Sebelah alis Ervans terangkat. “Pemenangnya?” tanyanya to the point.

Mereka sudah terbiasa mendapatkan tawaran-tawaran kecil dari Big Bos si anak CEO terkenal di Jakarta setiap harinya. Maka tidak heran jika mereka langsung menanyakan hadiahnya.

Adit, Bagas serta Ben hanya menyimak atau lebih tepatnya menebak kemungkinan apa yang bakal seorang Alfarezin berikan untuk taruhan kali ini.

“Mobil gue sebulan.”

“Busett! Serius cuk?” Ben tidak percaya.

“Muka gue kelihat ngelawak nggak?!”

Bagas geleng-geleng masih tidak percaya. “Gila. Demi apa mobil yang bahkan belum ada seminggu di Indonesia udah lo jadiin bahan taruhan gitu aja?”

Ervans manggut-manggut lalu menjentikkan jarinya dan menunjuk Bagas. “Gue setuju sama lo. Ini si anying serius ngomong gitu apa cuma nge-prank kita doang? Itu mobil bukan sembarang mobil anjing. Bahkan sekalipun gue jual ginjal belum tentu tuh mobil bisa ke beli sumpah.”

“Lebay,” cibir Alfa amat santuy. “B aja kali gak usah heboh kayak orang susah.”

“Sombong amat!” maki Ben.

“Sadar Al, sadar di luar sana banyak orang jauh di bawah kita. Mereka mau makan nasi aja harus pontang panting ke sana kemari kerja sedangkan lo? Udah di beri kehidupan enak, berkecukupan harusnya bersyukur bukan malah FOMO.”

Seluruh orang di sana terpukau nyaris melongo mendengar bagaimana seorang Ben Leander Melvin berkata sedemikian kerennya. Bahkan seorang Adit yang dingin kayak kulkas berjalan bisa menarik sedikit bibirnya.

Amazing, Man. Jaman sekarang setan bisa kerasukan setan juga ya?” ejek Ervans sambil cengengesan.

“Temen bangsat. Gue pinter salah, goblok apalagi dasar anjing!”

“Nggak usah lo dengerin mulutnya Ervans emang suka lemes kalo ngomong.” Bagas menepuk pundak Ben di sampingnya. “Padahal menurut gue lo tadi keren sih.”

Ben menyugar rambutnya ke belakang bergaya sok di depan teman-temannya. “Udah seharusnya lo semua kagum sama gue.”

“Najis!” komentar pedas itu keluar dari mulut Adit setelah diam dari tadi.

“Mampus.”

“Udah selesai ngebacot?” tanya Alfa dengan wajah galak. “Lo semua jadi tanding nggak?!”

Ervans menoleh ke arah Alfa karena kaget dengan teriak pemuda di depannya. “Bjir, tuh anak napa dah sensi amat?”

“Butuh sensodyne, kayaknya.”

“Odol gak tuh?”

Tanpa membuang waktu lagi Bagas juga Ervans segera berlari mengambil posisi masing-masing di ikuti Ben dan Adit. Namun tiba-tiba Alfa menginterupsi langkah Ben sebelum cowok itu berlari lebih jauh lagi.

“Lo pengecualian,” ujar Alfa memperingati.

Ben langsung cemberut. “Emang kenapa sih? Lo takut kalah dari gue?”

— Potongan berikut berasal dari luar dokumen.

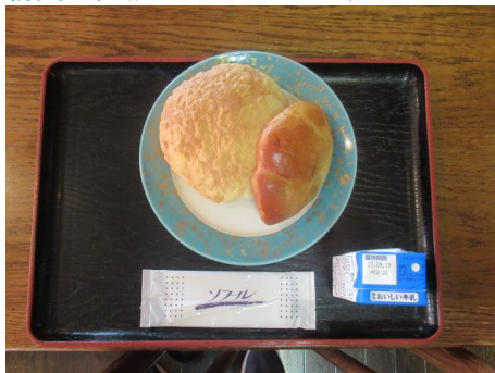
焼き立ては美味しいです
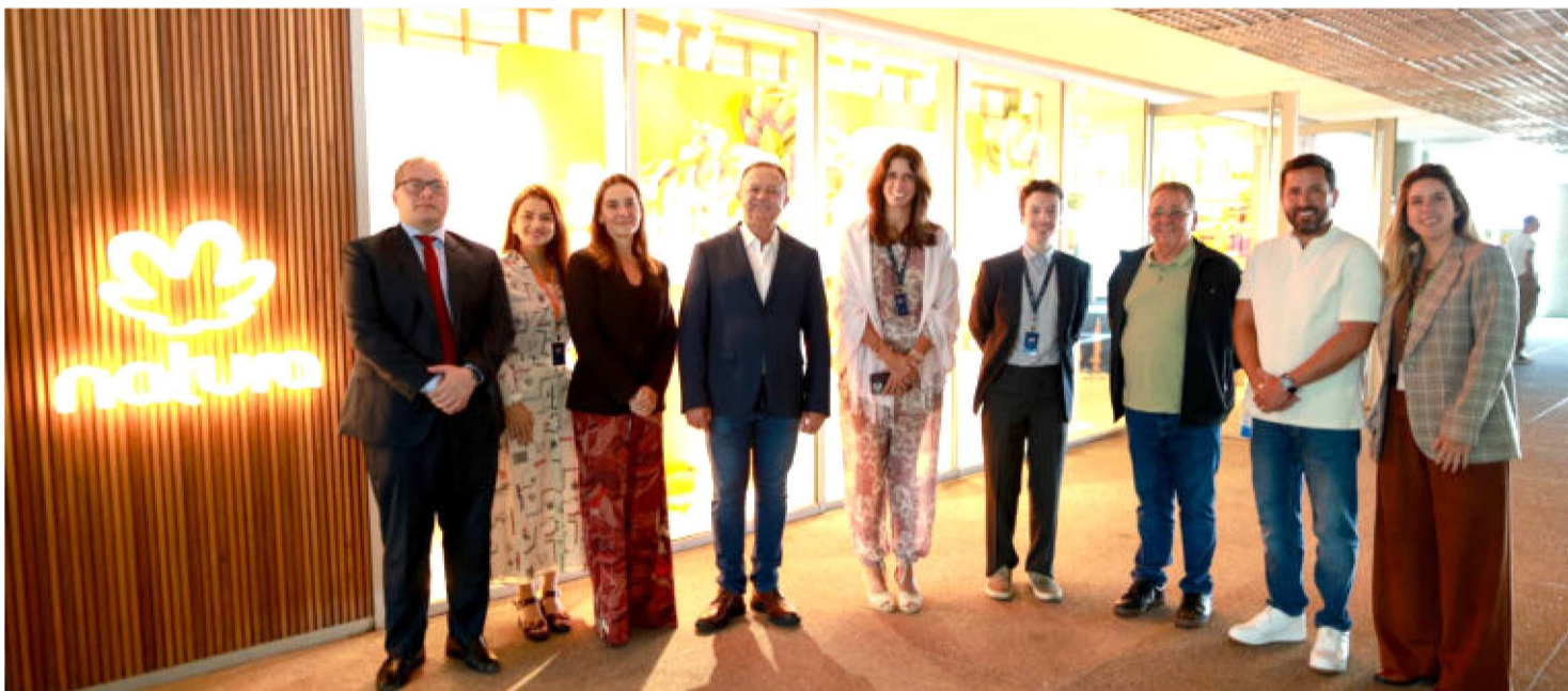
BRANDÃO VISITOU A SEDE DA NATURA E APRESENTOU A REPRESENTANTES DA DIRETORIA AS POTENCIALIDADES DO MARANHÃO

Durante a agenda institucional em São Paulo para a promoção do São João do Maranhão 2026, a comitiva do Governo do Estado também aproveitou para prospectar parcerias que promovam o desenvolvimento sustentável. Na manhã de segunda-feira (4), o governador Carlos Brandão fez uma visita à sede da empresa Natura, na capital paulista, e conversou com representantes da diretoria sobre potencialidades do estado.
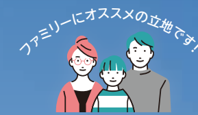
Image 狛江市は、多摩川河岸や武蔵野の自然と交通の便利さの両方で知られる街です。都心への通勤・通学が非常に便利。一方、治安は比較的良好、ファミリーも住みやすい街です。当物件は小田急小田原線「喜多見」駅と「狛江」駅までのアクセスがよく、駅にはカフェや飲食店も多数あるため、生活も充実です。
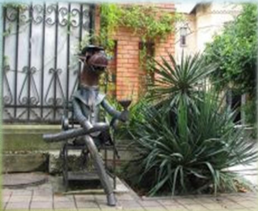
Сочи. «Конь в пальто»

Необычные памятники – это предмет гордости скульпторов, восторга горожан, объект охоты туристов. Памятники могут производить самое разное впечатление: удручающее, пугающее, вдохновляющее, удивляющее. В Международной день памятников и исторических мест интересно найти самый забавный российский памятник.
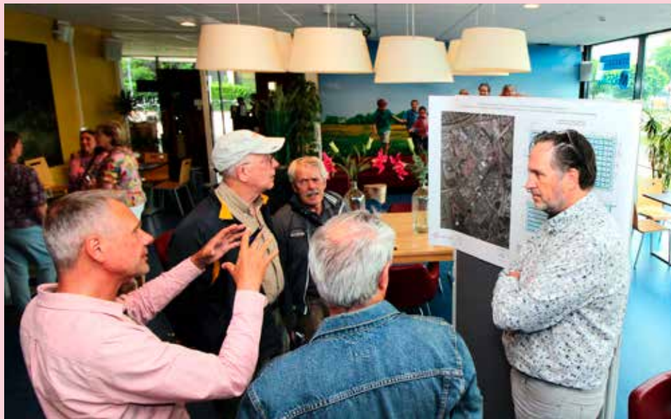
Informatiebijeenkomst over een zwembad in Winkelsteeg, dinsdag 21 juni 2022

Er komt een nieuw zwembad aan de Nieuwe Dukenburgseweg in Winkelsteeg. Het wordt gecombineerd met een nieuwe sporthal. Dat heeft de gemeenteraad op 21 december 2022 besloten.
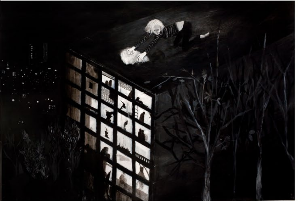
רחובות נטושים, 2022, אקריליק על נייר, 150x370 ס"מ Forsaken Streets, 2022, acrylic on paper, 370x150 cm
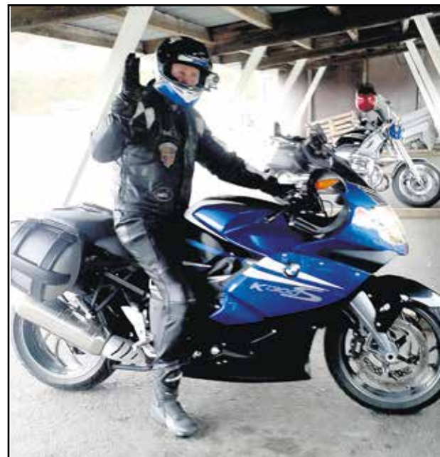
Vaihtopyörä alla, kuvaus voi alkaa.

pyörä vaihtuu siihen lainattuun, joten sielläkin oltiin varmasti lopulta ihan tyytyväisiä.

Alfa terkekeh ringan. Ia menepuk pundak Ben pelan. “Gue khawatir sama kaki lo.”

Pandangan Alfa beralih sejenak melirik kedua kaki Ben yang terlihat sudah jauh lebih baik dari sebelumnya.

Sadar dengan hal itu Ben meringis kecil. Ia masih ingat betul kejadian sebulan yang lalu, dimana dirinya harus masuk IGD akibat kecelakaan hebat dalam acara balap liar yang biasa teman-temannya lakukan setiap malam minggu. Siapa sangka jika waktu itu rival nya akan berbuat curang. Dia sengaja menendangnya saat laju motornya dalam kecepatan tinggi hingga Ben terjatuh dan terpental jauh sampai menabrak pembatas jalan.